For this exercise, output the entries below exactly from the line that holds "Shared bathroom and living/kitchen area." to the line that holds "Kevyet ja uniikit", both ends included. No pictures belong in the copy.

[[ Records for this exercise, beginning ]]

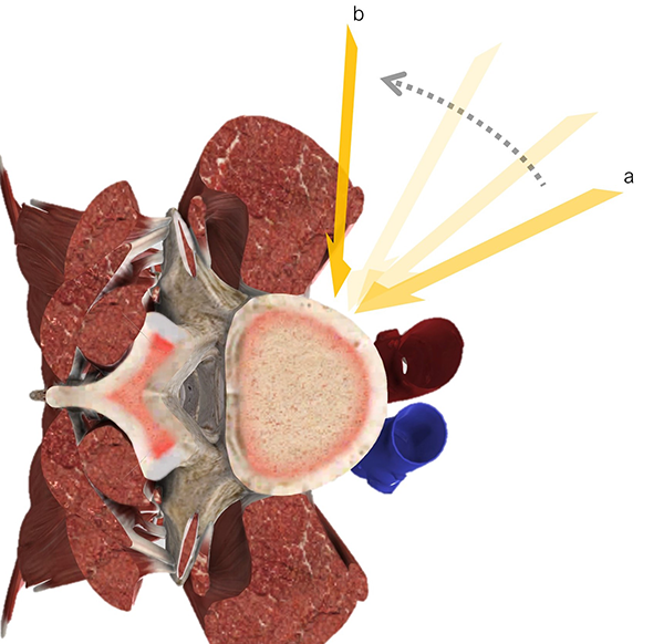 El acceso oblicuo, sin embargo, presenta algunas limitaciones y desventajas. El corredor anatómico se encuentra únicamente en el lado izquierdo del paciente. Hacia la derecha, la localización de la vena cava imposibilita su uso, limitando las indicaciones de esta técnica ante determinadas deformidades espinales. La maniobra ortogonal es técnicamente demandante y particularmente dificultosa ante cuadros de rotación axial, como ocurre en la escoliosis. Esto puede asociarse con lesiones neurológicas sea por la violación central del conducto raquídeo o el foramen contralateral.
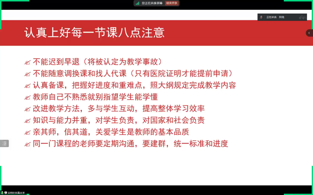 吴翔副院长在课堂管理方面对新教师提出了要求。他强调教师应该做好榜样工作,专注于教学,以德树人、用心教学,除了要高质量完成每一堂课以外,更要不断精进专业素质,不断深入学习,才能更好的为学生传道授业、答疑解惑,培养出更加优秀的专业人才。
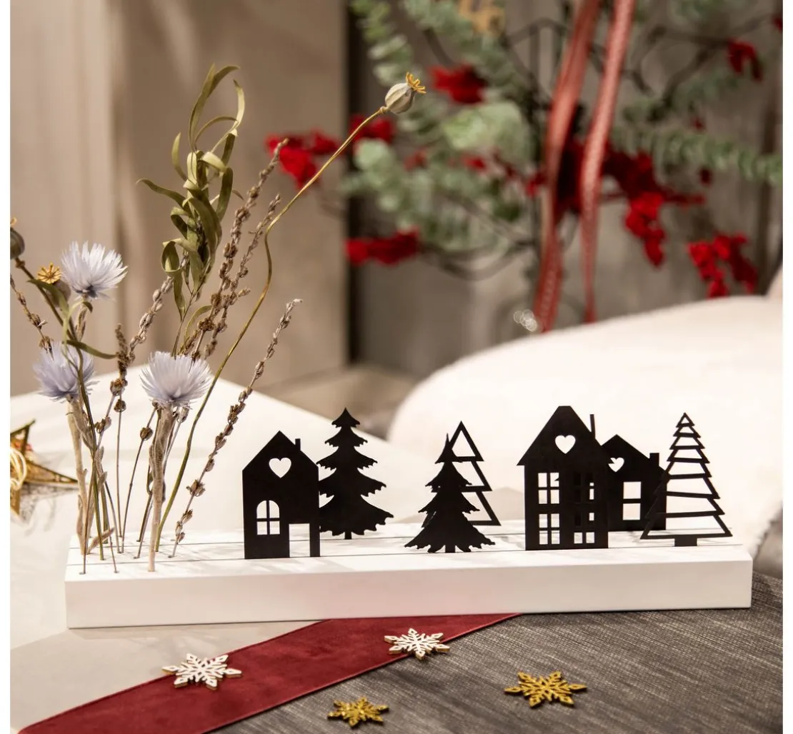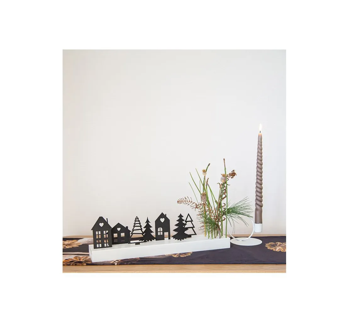 Dieser Holzständer für Trockenblumen und Karten ist eine vielseitige Tisch- und Wohndekoration. Der Holzständer aus MDF-Holz hat eine Größe von ca. 40,0 x 7,5 x 4,0 cm und ist mit 15 Löchern versehen. Diese haben einen Ø von ca. 4 mm mit einer Tiefe von ca. 2 cm. Die 2 Schlitze sind ca. 2 mm breit und haben eine Tiefe von ca. 3 cm.
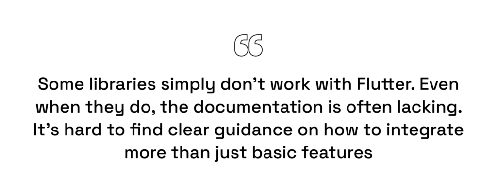 | Custom wrapper overhead | If a native SDK lacks a Dart package, write Swift/Kotlin wrappers yourself. | Extra maintenance and vendor integration risk. |
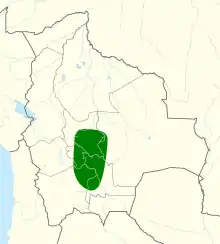 It is endemic to Bolivia, where its natural habitats are subtropical or tropical high-altitude shrubland and pastureland.
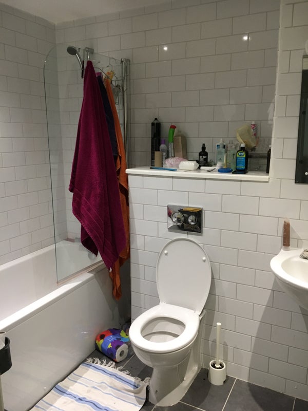 Shared bathroom and living/kitchen area.
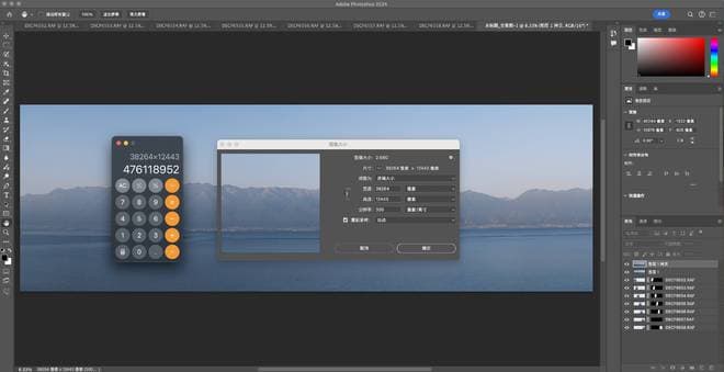 这七张照片每张 1 亿像素,接片后去掉重叠部分,再进行矫正,像素量达到了 4.7 亿,工程文件大小为 10.7GB。
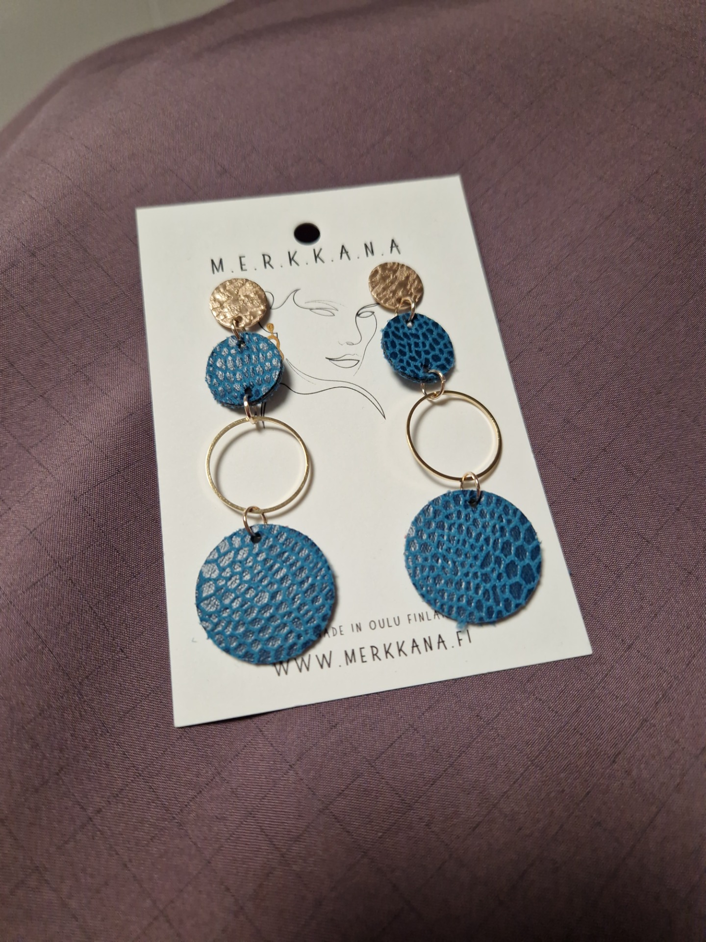 Kevyet ja uniikit Merkkana-korvakorut valmistetaan käsityönä Oulunsalossa. Korvakorut tehdään vanhasta ja uudesta nahasta sekä tekstiileistä ja viimeistellään ripauksilla helmiä ja ketjuja.
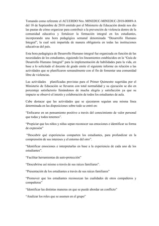 El informe resume las actividades realizadas durante el primer quimestre del 2018-2019 en la asignatura de Desarrollo Humano Integral en el séptimo grado de la Unidad Educativa “Manuel Gonzalo Albán Rumazo”. Se llevaron a cabo diversas dinámicas grupales con el objetivo de desarrollar habilidades como el autoconocimiento, manejo de emociones, empatía, resolución de conflictos y toma de decisiones. El informe concluye que las actividades cumplieron con los lineamientos del Ministerio de Educación y contrib
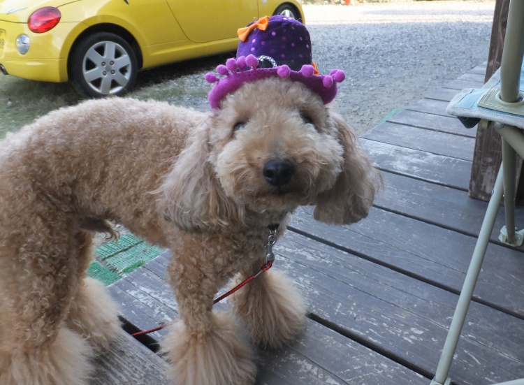 ウッドデッキにはハロウィンコスプレ帽子が置いてあります^^被ってみてください。
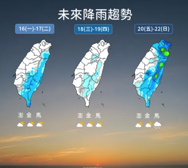 但從週五開始,又有一波東北季風來襲,且第二波挾帶的水氣較前次更多,影響區域也變得更廣,包含桃園以北、本島東部、恆春半島,以及北部山區都會出現局部短暫降雨,其他地區則是多雲到晴天,僅午後可能有偶發的雷陣雨出現。
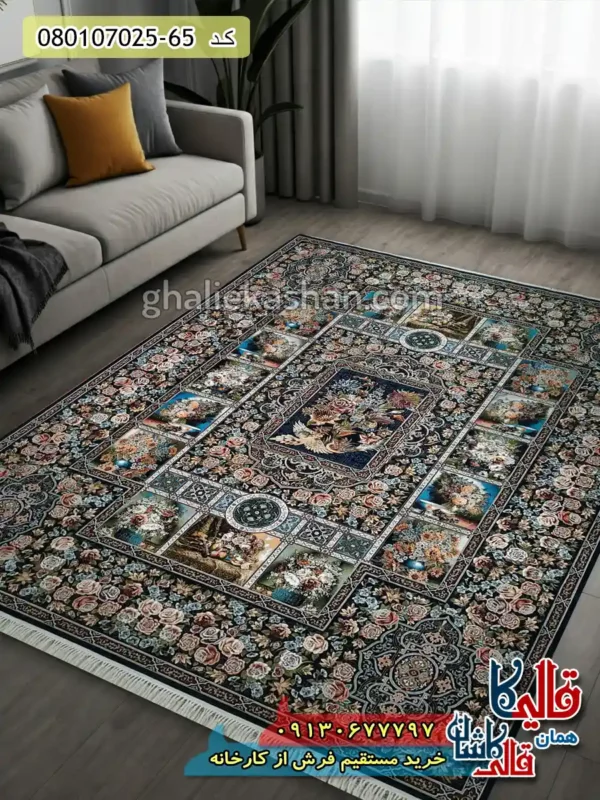 مشخصات فرش 700 شانه طرح باغ ارم زمینه سرمه ای کاشان
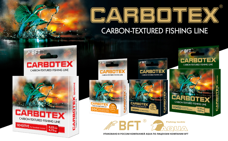 Вся леска под торговой маркой CARBOTEX® произведена компанией Balazs Filament Technologies (BFT) упакована в Санкт-Петербурге компанией AQUA.
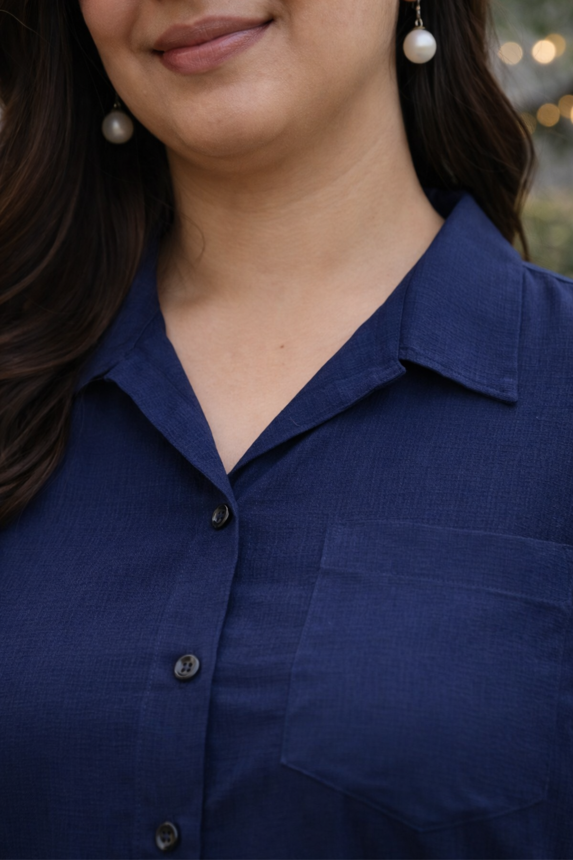 Collar neck top with a front button placket
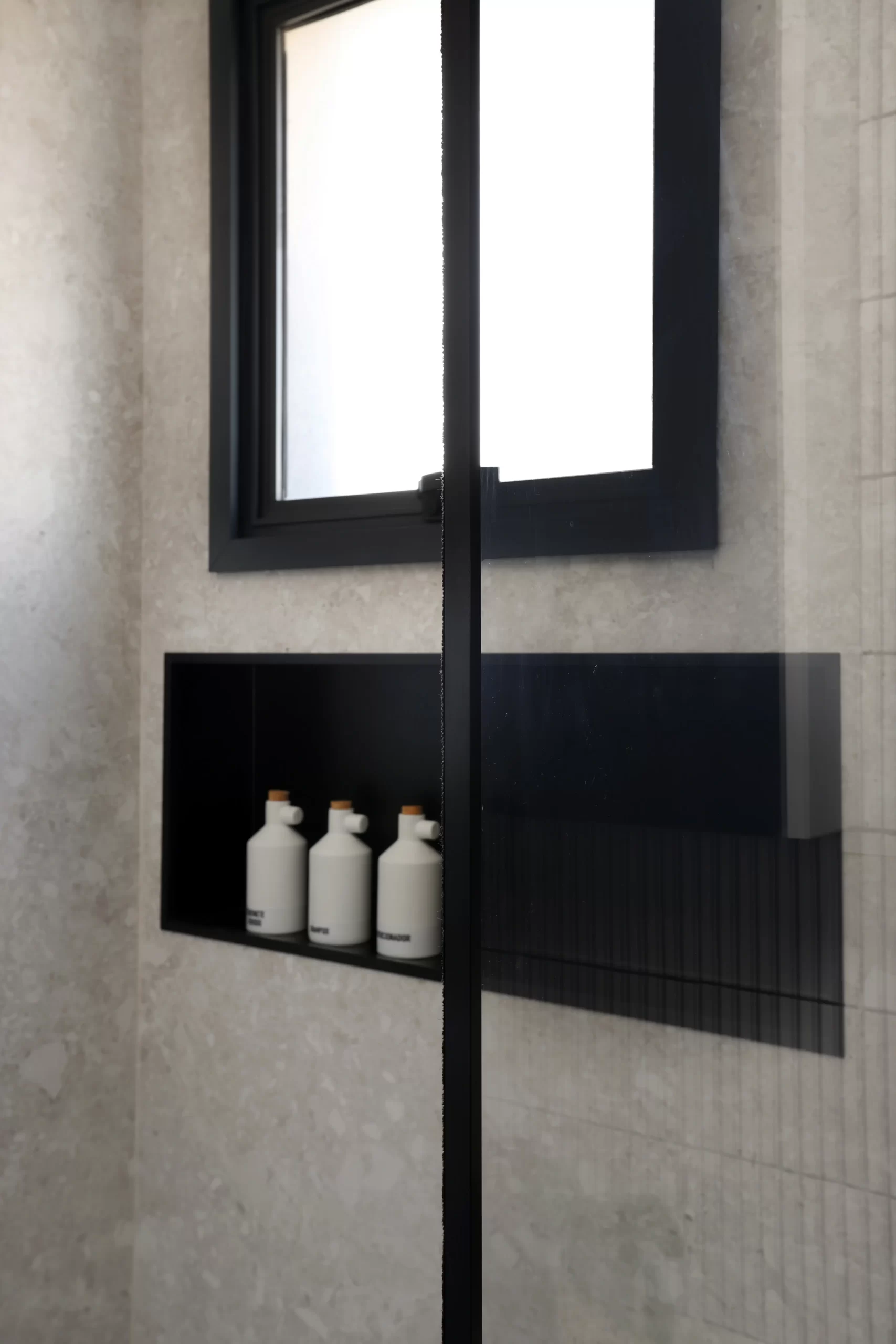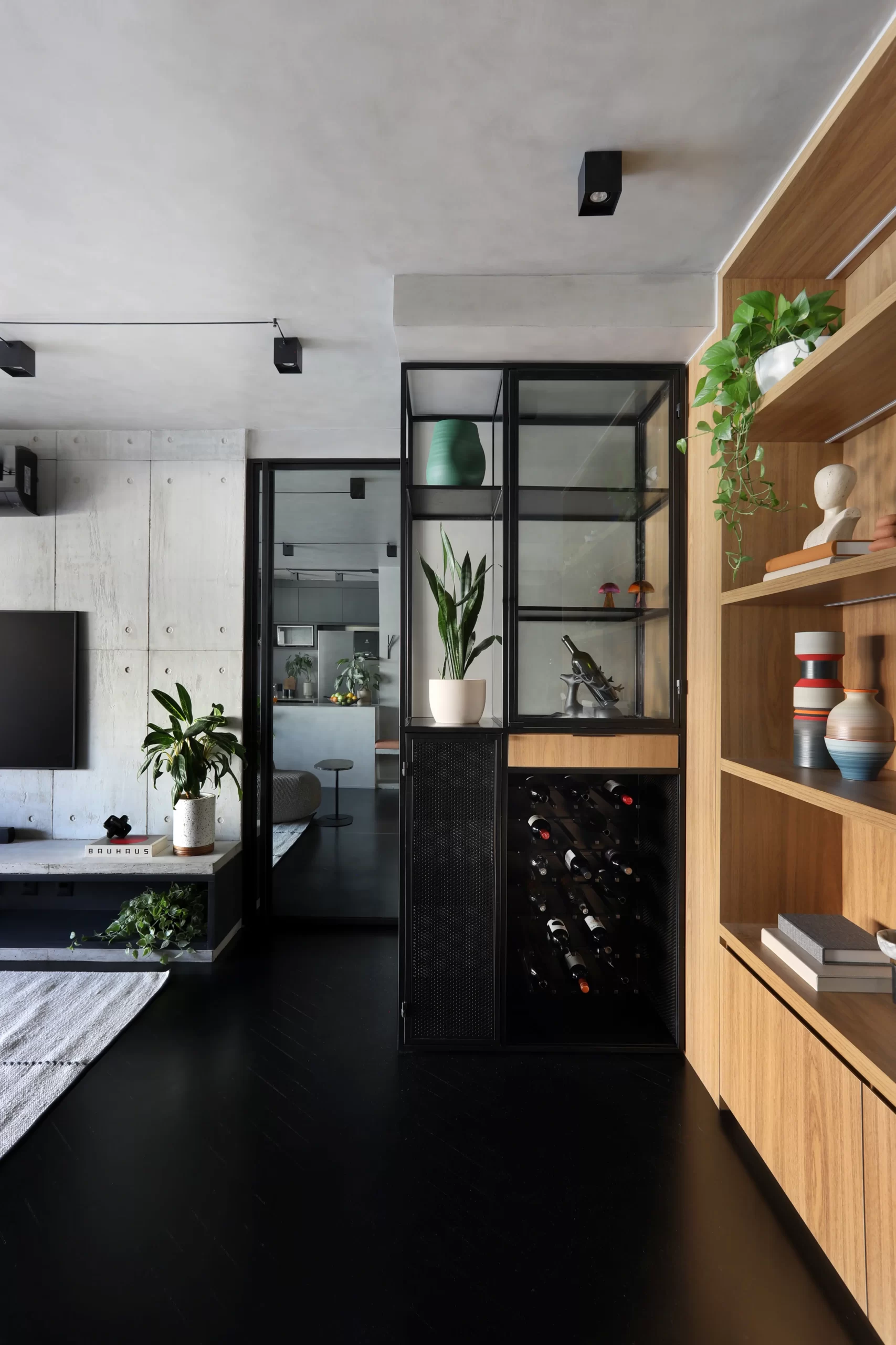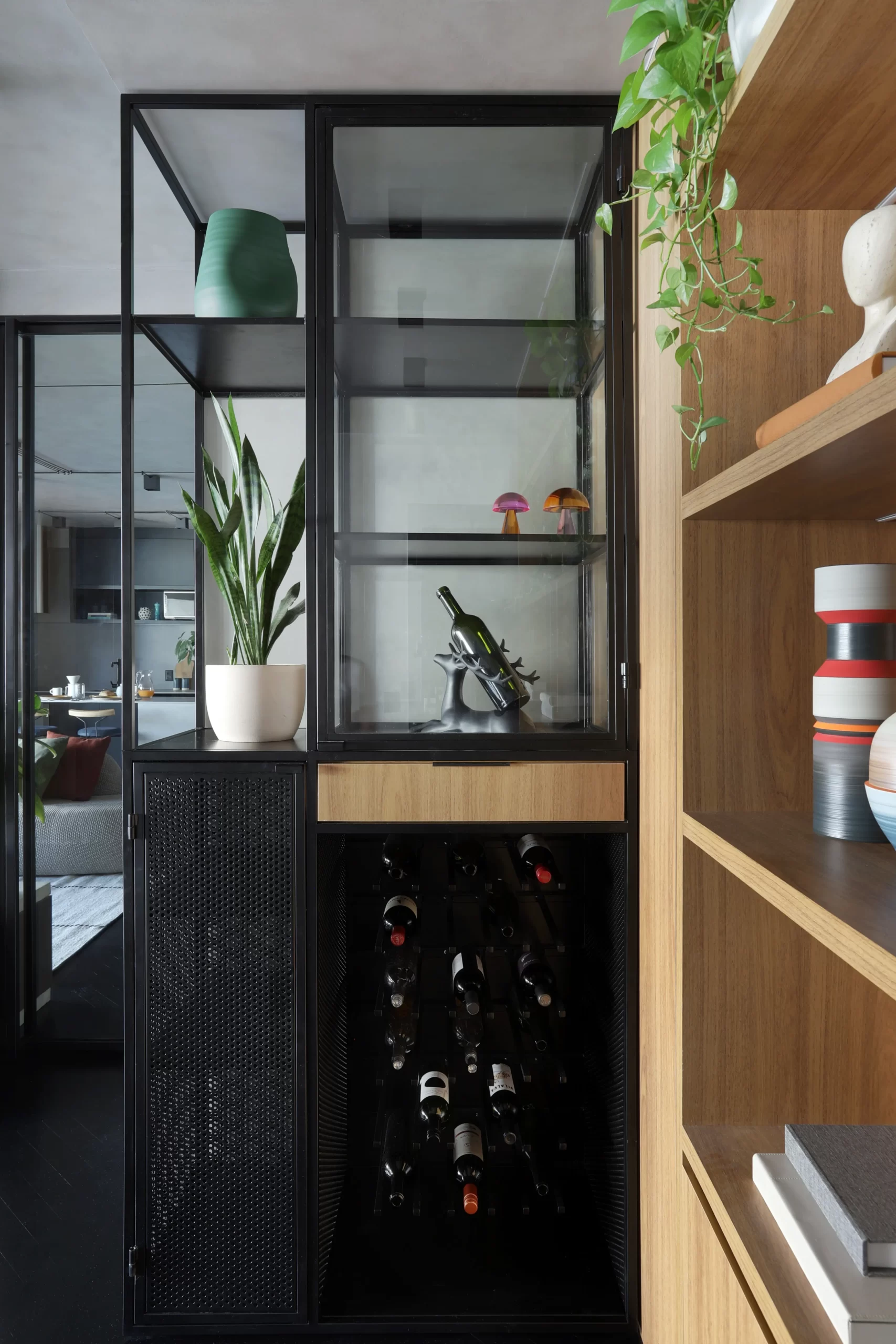 No hall de entrada, a serralheria preta aparece na adega desenhada sob medida, com nichos, armários perfurados e portas de vidro. O armário de apoio e a estante em madeira com iluminação interna complementam a composição com funcionalidade e contraste sutil.

[[ Records for this exercise, end ]]

### Task answer
 Shared bathroom and living/kitchen area.
 这七张照片每张 1 亿像素,接片后去掉重叠部分,再进行矫正,像素量达到了 4.7 亿,工程文件大小为 10.7GB。
 Kevyet ja uniikit Merkkana-korvakorut valmistetaan käsityönä Oulunsalossa. Korvakorut tehdään vanhasta ja uudesta nahasta sekä tekstiileistä ja viimeistellään ripauksilla helmiä ja ketjuja.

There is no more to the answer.